Unidentified Science 7 – High Strangeness Cases

This is a work in progress –  notes on high strangeness cases and the hope, if any of a scientific approach to them. What do we mean by high strangeness cases? I mean cases that may or may not involve anomalous aerial phenomena, but go beyond even close encounters of the third kind, and also involve unexpected elements like interactions with the witness, distortions of time, and other strange events that generally fall under the broad category of “paranormal.”

I have resisted lumping paranormal experiences with UAPs, and continue to resist this, because at face value, different categories of human experience could well admit of different explanations. However, what is common in all this is the human experiencer, and in nearly all cases all we have to study are the memories of the experiencers.
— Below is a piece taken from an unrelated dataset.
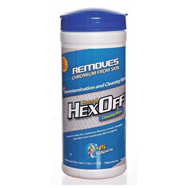 Heavy Metal Removing Wipes, Container Type Canister, Flushable No, Form Wipes, Formula Non Rinse, Fragrance Fresh, Hygiene Properties None, NSF Rating Not Rated, Series Hexoff, Standards Not Applicable, Wipe Length 7 in, Wipe Width 7 in, Wipes per Container 45, Material Fiber Cloth, Product Type Hand and Body Wipes, Color White, Requires Dispenser No, Grainger Dispenser Part Number Not Applicable, Manufacturer Dispenser Part Number Not Applicable, Package Quantity 12

In Unidentified Science 3, I talked about some of the problem with eyewitness testimony, rooted in the flaws of human perception and memory, and almost as much of a problem are our oversimplified mental models of how these work.

But this is not a reiteration of those concerns, real as they are. I want to make a point about high strangeness cases, and that is that we have no basis for dismissing them out of hand, or for ignoring the stranger elements, or for regarding the experiencers as mentally deranged. We have the experiencers, their memories, and what they are willing to tell us about themselves, and we are not justified in jumping to conclusions about the reality of the experiences. Note that I am not approaching these cases as a psychologist who wants to know how people could possibly remember such absurd things. That is one possible approach, although I don’t think it’s completely satisfying by itself. As a field investigator, I want to find the facts of the case, and we struggle with the facts, if any, masked by all the oddities.